[Data to use — start]
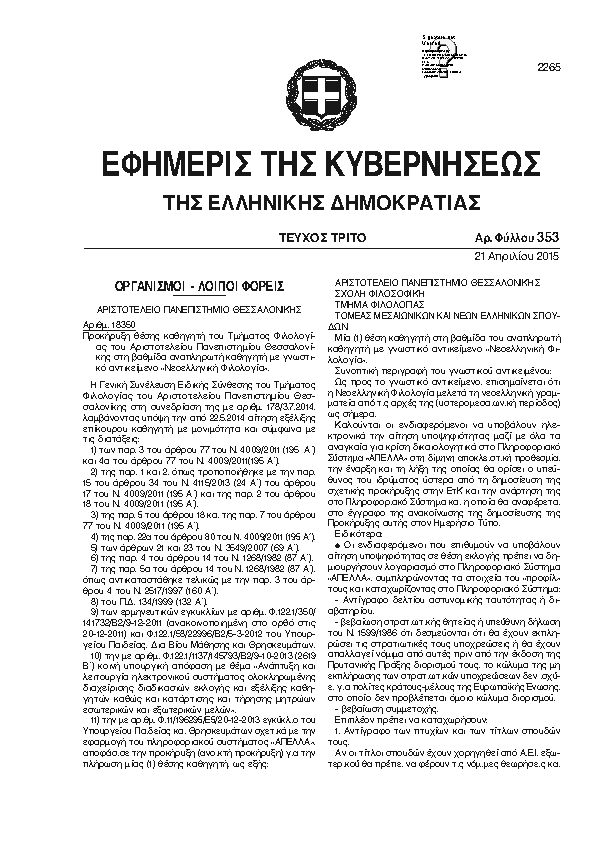 Αναζήτηση στα ΦΕΚ για:  μάθηση
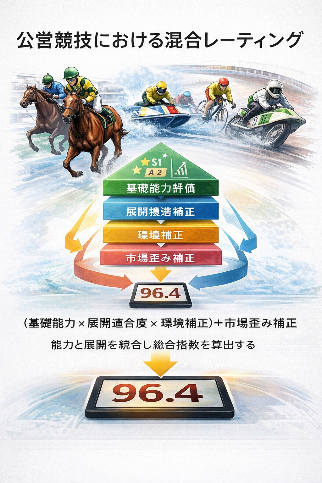 公営競技における混合レーティングは、能力と展開の交差点を評価する。
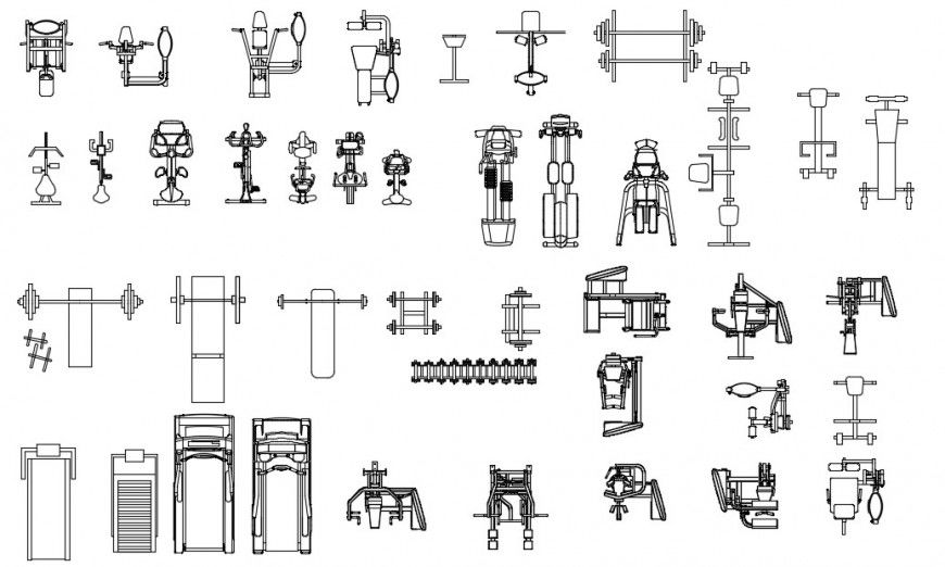 CAd drawings details of gym equipment detailing with hatch area blocks dwg file that includes line drawings of gym cad blocks
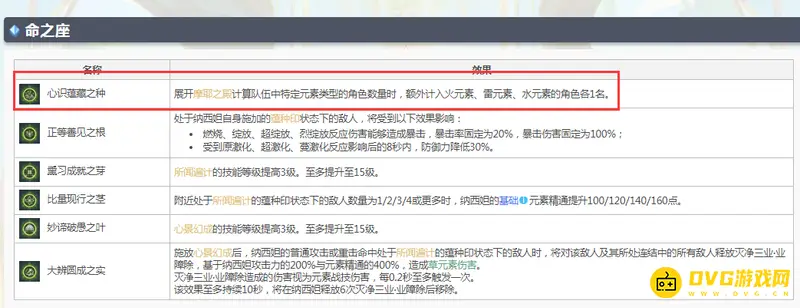 草神1命效果:展开摩耶之殿计算队伍中特定元素类型的角色数量时,额外计入火元素、雷元素、水元素的角色各1名。
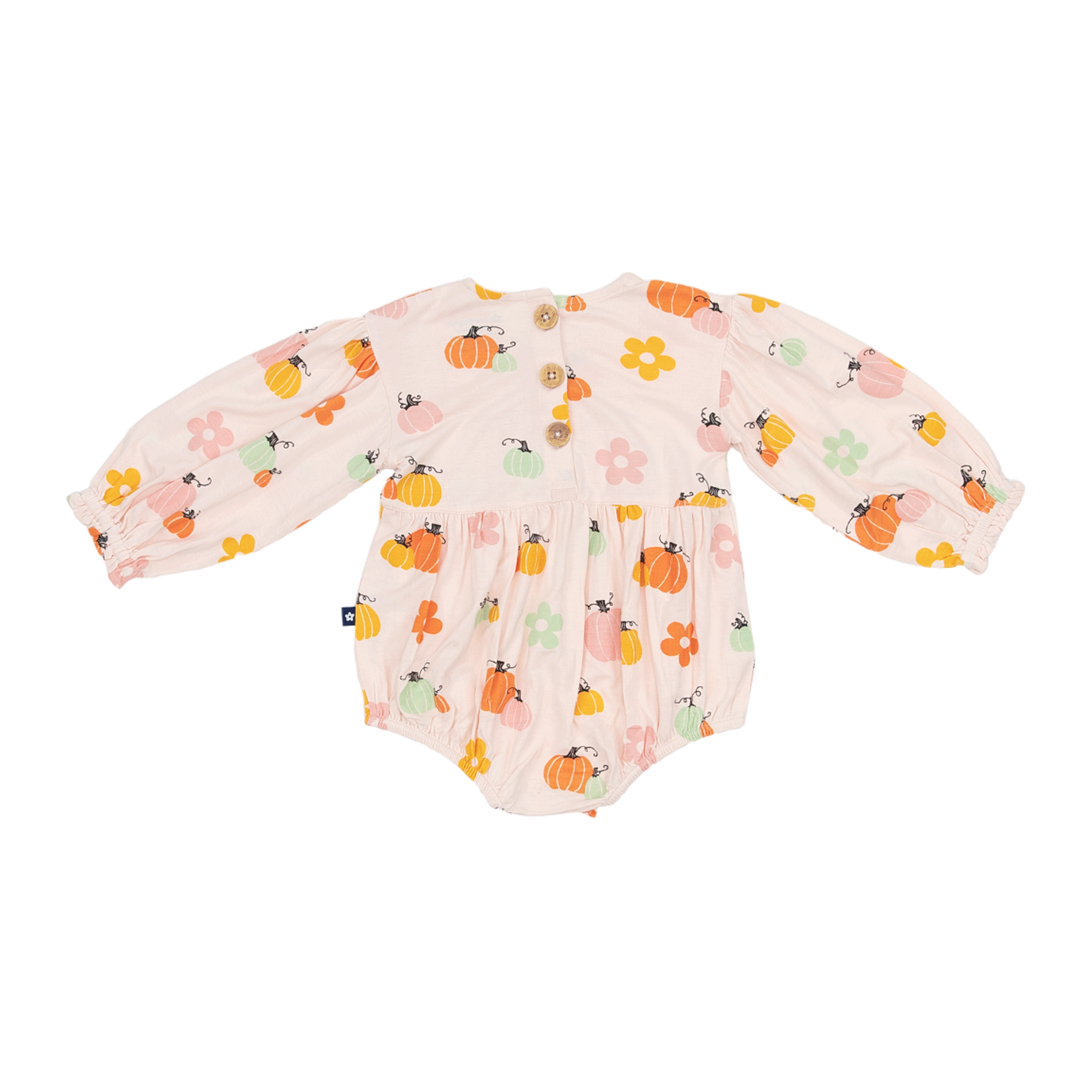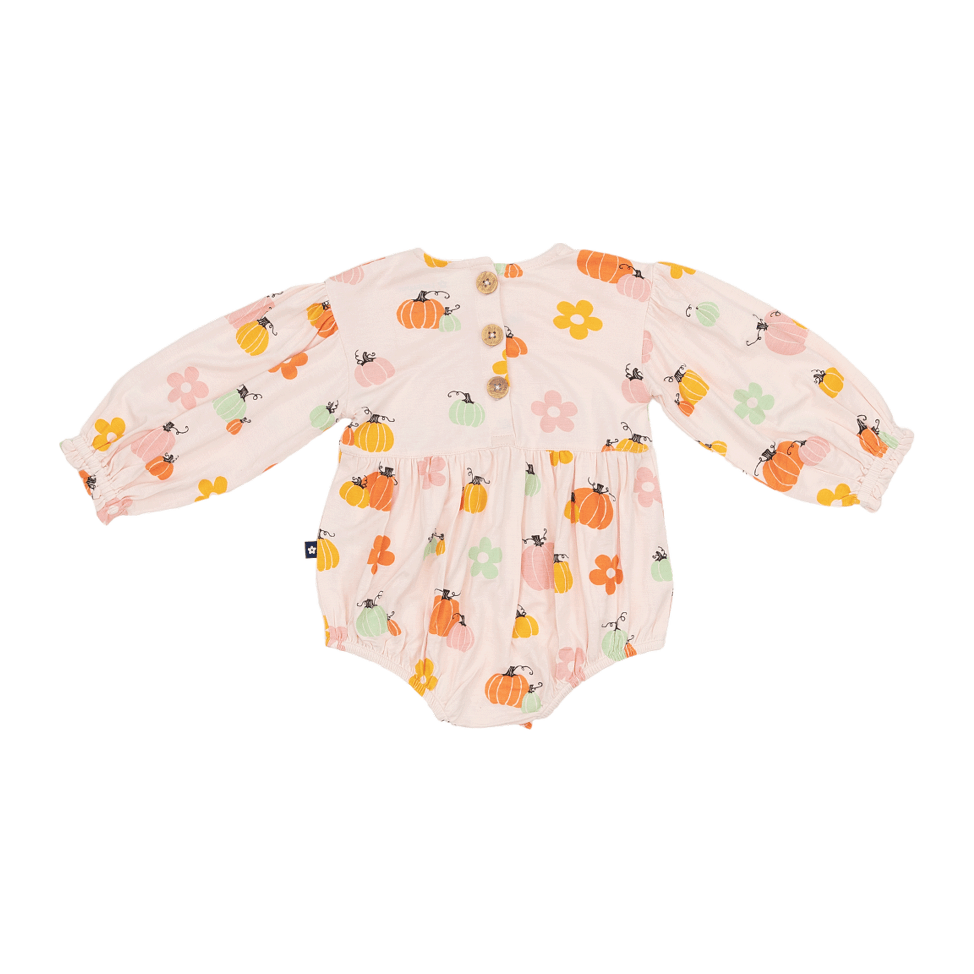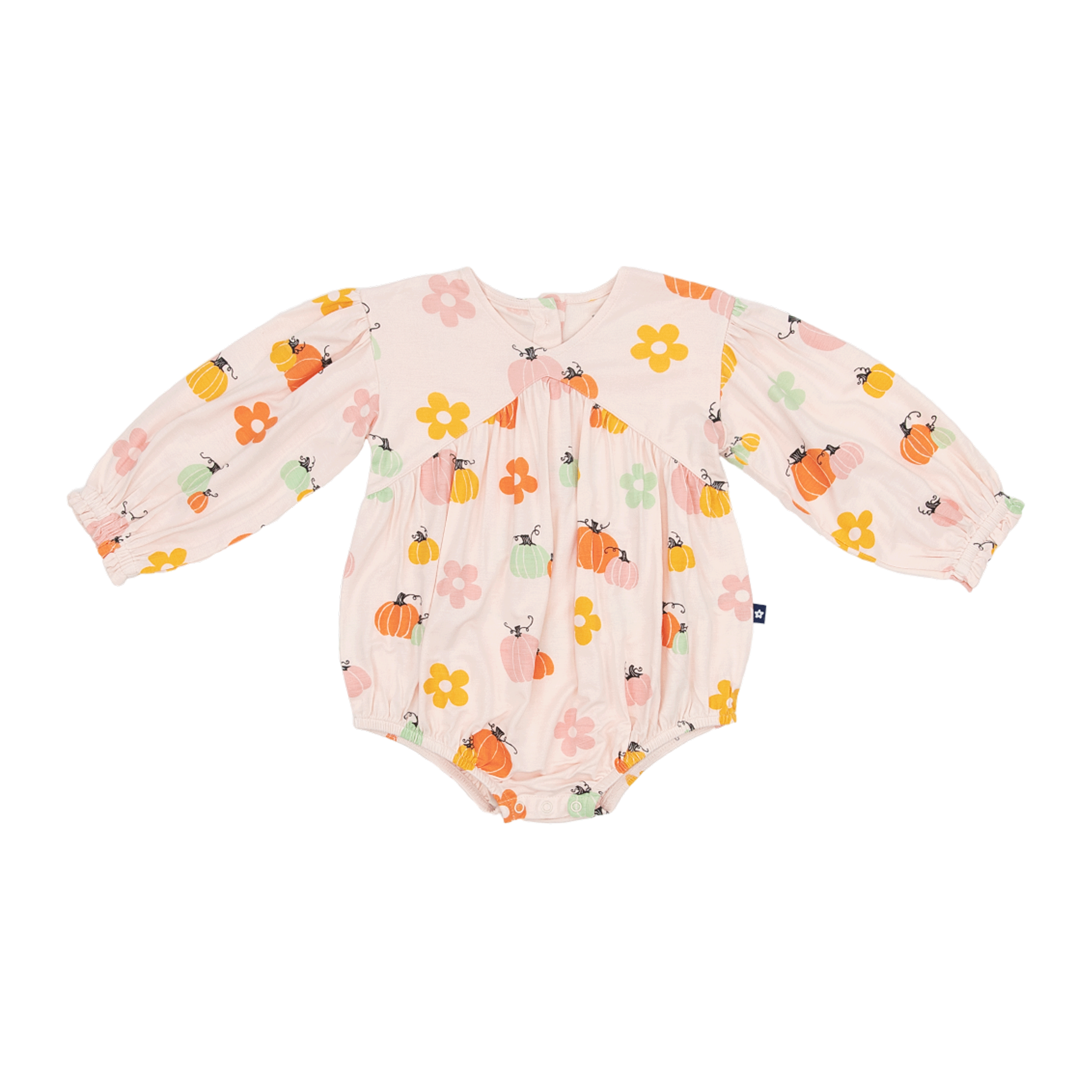 The relaxed, oversized fit gives it that charming bubble shape, while delicate ruffles add a sweet finishing touch. A back placket makes slipping it on a breeze, and three snaps along the diaper line mean quick changes without the fuss.
[Data to use — finish]
Starting at the line above that holds "公営競技における混合レーティングは、能力と展開の交差点を評価する。", return each line up to and including the one that holds "草神1命效果:展开摩耶之殿计", exactly as written, minus any pictures.

Your response:
 公営競技における混合レーティングは、能力と展開の交差点を評価する。
 CAd drawings details of gym equipment detailing with hatch area blocks dwg file that includes line drawings of gym cad blocks
 草神1命效果:展开摩耶之殿计算队伍中特定元素类型的角色数量时,额外计入火元素、雷元素、水元素的角色各1名。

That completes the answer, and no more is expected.